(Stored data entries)
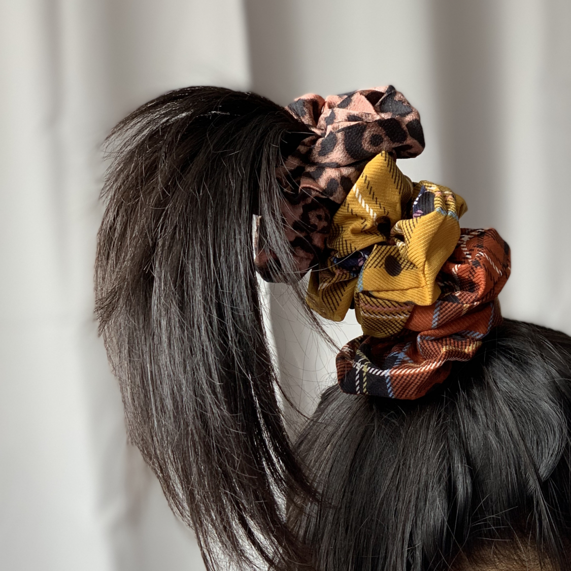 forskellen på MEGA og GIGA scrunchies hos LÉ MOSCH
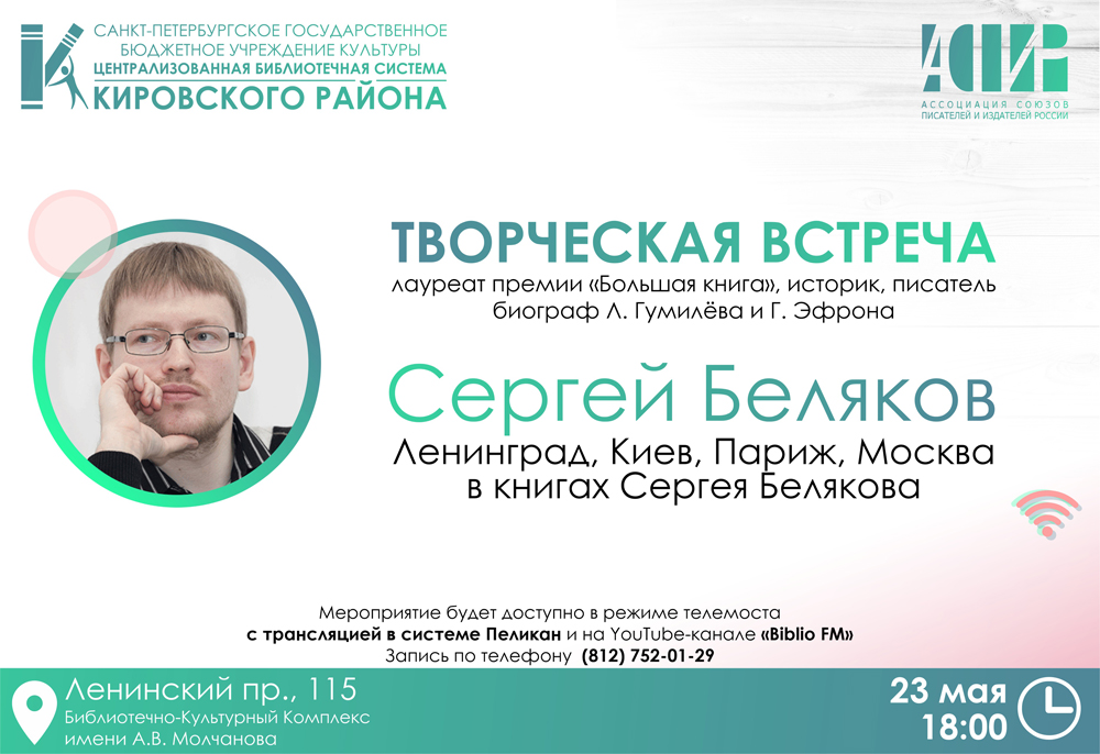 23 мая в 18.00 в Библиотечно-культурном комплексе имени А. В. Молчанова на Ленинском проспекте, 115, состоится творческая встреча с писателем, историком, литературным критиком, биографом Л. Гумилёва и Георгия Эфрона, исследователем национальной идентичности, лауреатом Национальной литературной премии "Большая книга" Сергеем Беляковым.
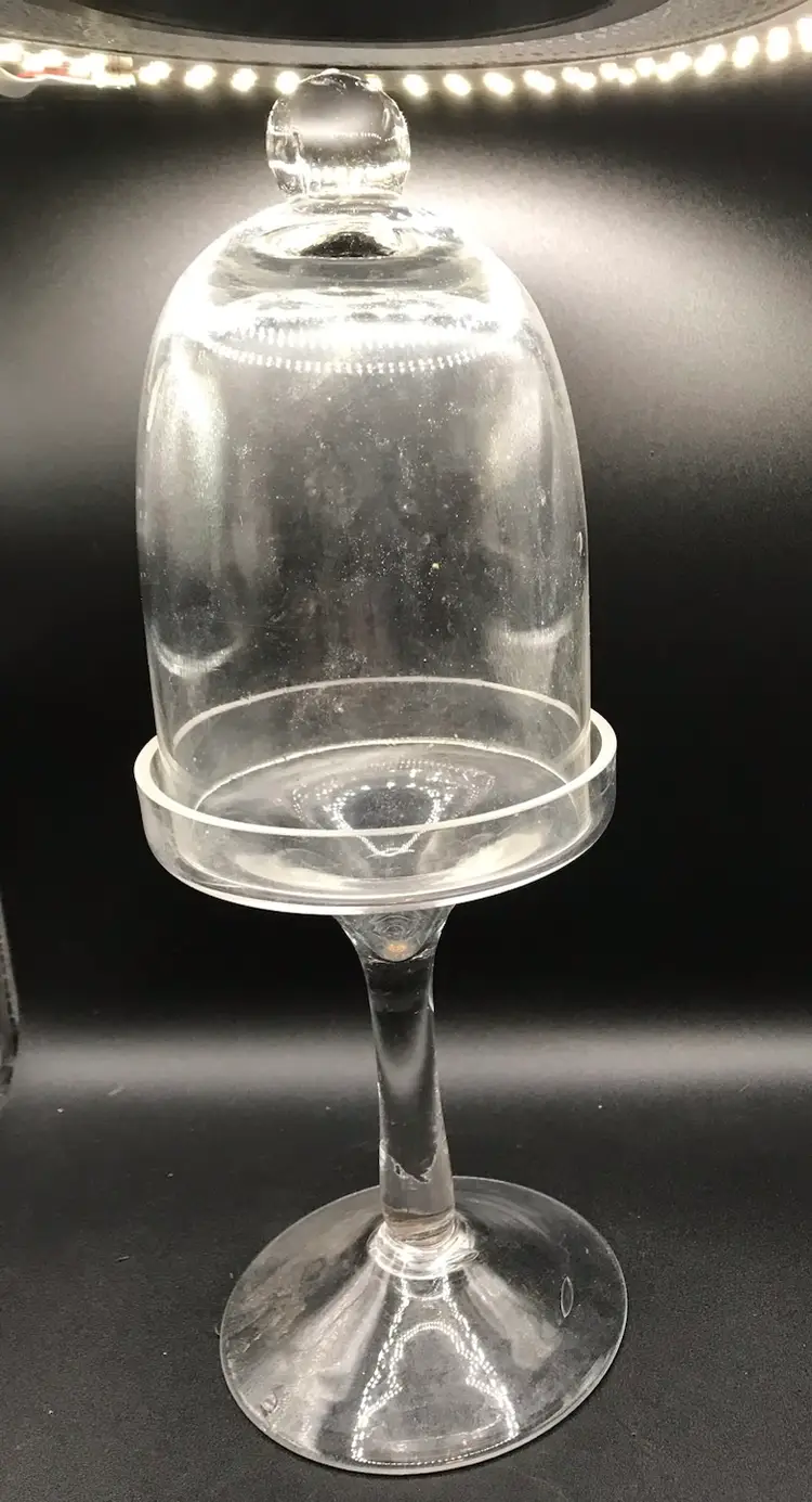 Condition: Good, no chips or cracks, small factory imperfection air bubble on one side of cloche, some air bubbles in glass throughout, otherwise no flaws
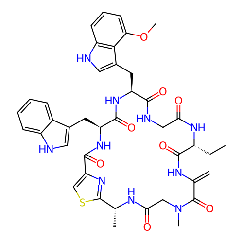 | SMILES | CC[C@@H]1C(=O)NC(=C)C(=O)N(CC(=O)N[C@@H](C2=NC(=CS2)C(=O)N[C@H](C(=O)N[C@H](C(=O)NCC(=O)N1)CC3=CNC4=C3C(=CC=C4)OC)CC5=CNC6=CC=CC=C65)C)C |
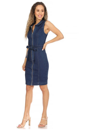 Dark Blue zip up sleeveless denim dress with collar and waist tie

■ **What is required**:
Your copy should hold every record word for word and none of the pictures.

■ **Output of the task**:
 forskellen på MEGA og GIGA scrunchies hos LÉ MOSCH
 23 мая в 18.00 в Библиотечно-культурном комплексе имени А. В. Молчанова на Ленинском проспекте, 115, состоится творческая встреча с писателем, историком, литературным критиком, биографом Л. Гумилёва и Георгия Эфрона, исследователем национальной идентичности, лауреатом Национальной литературной премии "Большая книга" Сергеем Беляковым.
 Condition: Good, no chips or cracks, small factory imperfection air bubble on one side of cloche, some air bubbles in glass throughout, otherwise no flaws
 | SMILES | CC[C@@H]1C(=O)NC(=C)C(=O)N(CC(=O)N[C@@H](C2=NC(=CS2)C(=O)N[C@H](C(=O)N[C@H](C(=O)NCC(=O)N1)CC3=CNC4=C3C(=CC=C4)OC)CC5=CNC6=CC=CC=C65)C)C |
 Dark Blue zip up sleeveless denim dress with collar and waist tie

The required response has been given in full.